At 09:19 AM 1/16/98 -0500, you wrote:
>Hi Jeff was or is there now an official classification? H/? . Thanks
>Henry
>
Here is the Meteoritical Bulletin entry for 1998 July, as it
now stands.  See http://www.uark.edu/studorg/metsoc/metbull.htm

Juancheng                 35º30'N 115º25'E
  Shandong Province, China
  Fell 1997, February 15 (23:30 Beijing time)
  Ordinary chondrite (H5) 
A shower of small stones (>1000 individuals) fell near the Yellow River 
after a brilliant fireball with smoke and sparks terminated in a loud, 
resonating explosion.  The fall ellipse measured ~10.5x4.3 km, oriented 
E-W. The largest recovered piece weighed 2.7 kg, and the total mass is 
>100 kg.  One fragment was reported to have penetrated a roof and landed 
in a pot on a stove. This meteorite has been widely traded and sold 
under the unofficial name "Heze."  Classification and mineralogy (Chen 
Yonghen and Wang Daode, GIG; Wang Ruitian, HBS; A. Rubin, UCLA): 
olivine, Fa19.0-19.2; pyroxene, Fs16.9Wo0.1; plagioclase heterogeneous, 
An9-33Ab63-84Or3-12; kamacite contains 0.36-0.47 wt% Co; shock stage 
S2. Specimens: 35 kg, DPitt; ~1 kg, ZMAO; ~1 kg, BeiAP.  

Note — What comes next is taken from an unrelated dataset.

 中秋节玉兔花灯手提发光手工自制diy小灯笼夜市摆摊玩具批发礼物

BeiAP: Beijing Astronomical Planetarium, Beijing, People's Republic of 
       China.
DPitt: Mr. Darryl Pitt, 225 West 83rd Street, New York, NY 10024, USA.

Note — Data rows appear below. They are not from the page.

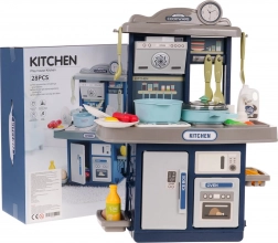Zum Lieferumfang gehört eine breite Palette an Zubehör – ein Topf mit Deckel, eine Pfanne, Geschirr, Besteck und eine farbenfrohe Auswahl an Lebensmitteln, die das sensorische Spiel und die Entwicklung der Feinmotorik fördern.
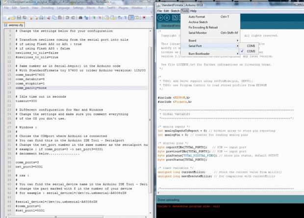 # Config archivo serproxy # Convertir saltos de línea que vienen del puerto serial en nils newlines_to_nils = false # Mismo número como en Serial.begin() en el código de Arduino comm_baud = 57600 # Ociosa tiempo de espera en segundos tiempo de espera = 300 # Configuración diferente para Mac y Windows # Windows: comm_ports = 3 # osx: #serial_device1=/dev/cu.usbserial-A6008rZN
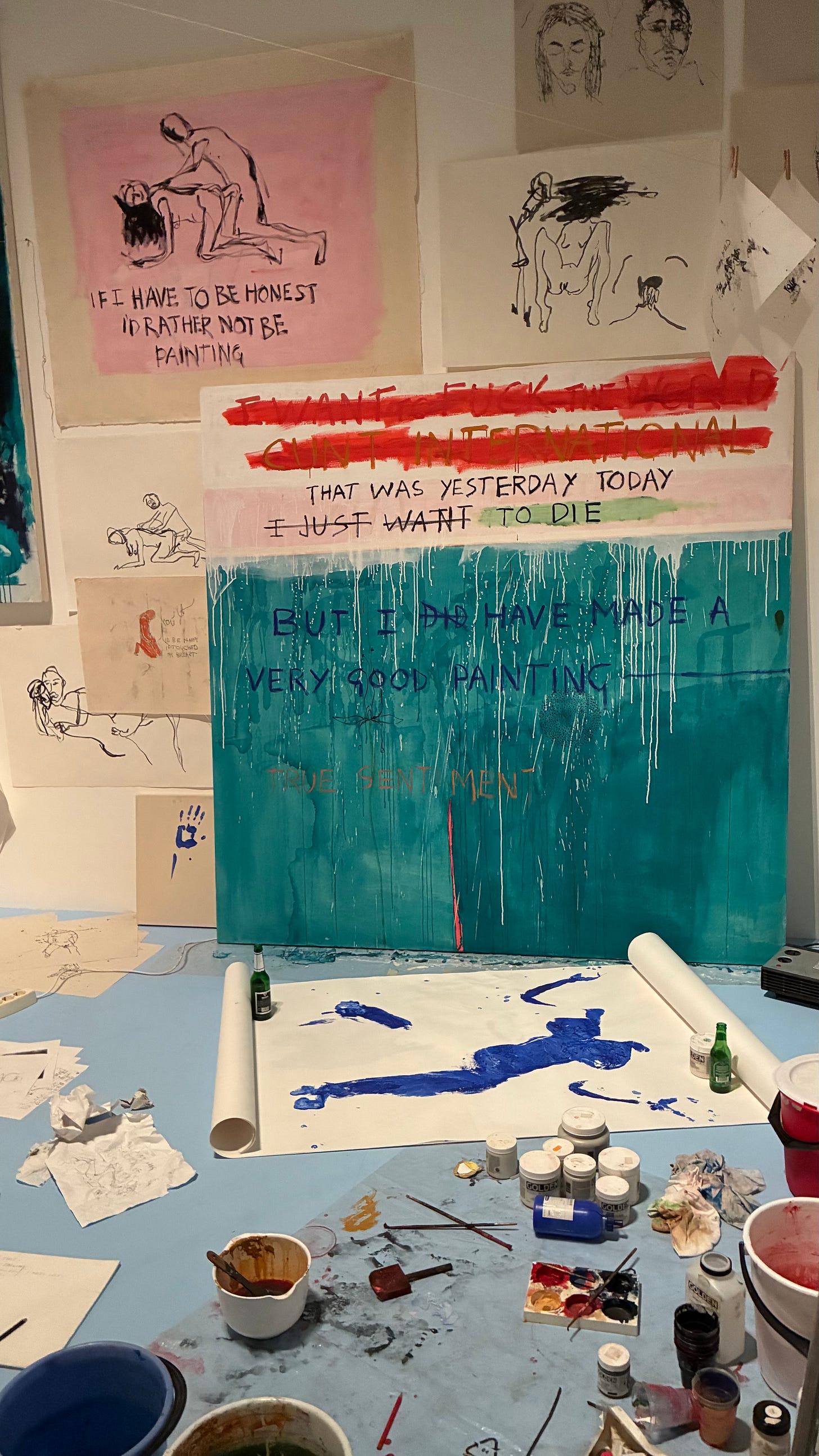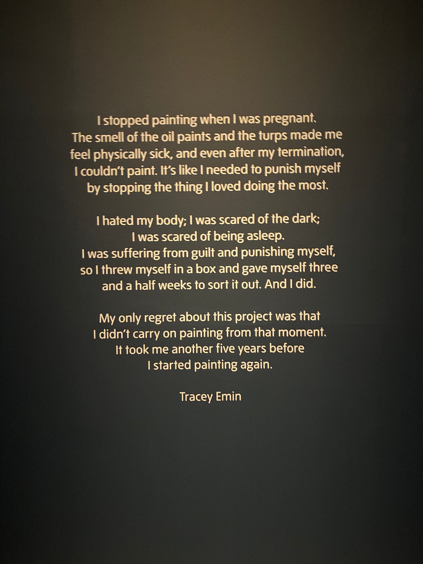 There was a kind of anteroom off to the side of the flow of rooms that a gave a directional flow to the Emin exhibit. I looked into it when I stepped out of the flow and saw that there was a single file line to get to a door of a huge box in order to peer inside. Seeing it, I immediately gave in to my instinct to reject anything that requires a line. I moved back into the flow but felt the pull of the deeper instinct not to be quite so herded. Sorting out indecision is the instinct where all my other instincts gather. I sorted this one and circled back to stand in that line. That’s when I discovered the statement above. The box in the anteroom was the one in the statement. Below is one of the several photos I took when it was my turn to stand at the door and peer in at the rigor with which the madness to create - the mess it can make of us - had been newly realized. The us there was my too having realized it anew.

GIG:   Guangzhou Institute of Geochemistry, Chinese Academy of Sciences, 
       Guangzhou 510640, China.
HBS:   Heze Bureau of Seismology, Shandong Province, Heze 274026, China.
UCLA:  Institute of Geophysics and Planetary Physics, University of 
       California, Los Angeles, CA 90095-1567, USA.
ZMAO:  Zhijing Mountain Astronomical Observatory, Nanjing, People's 
       Republic of China.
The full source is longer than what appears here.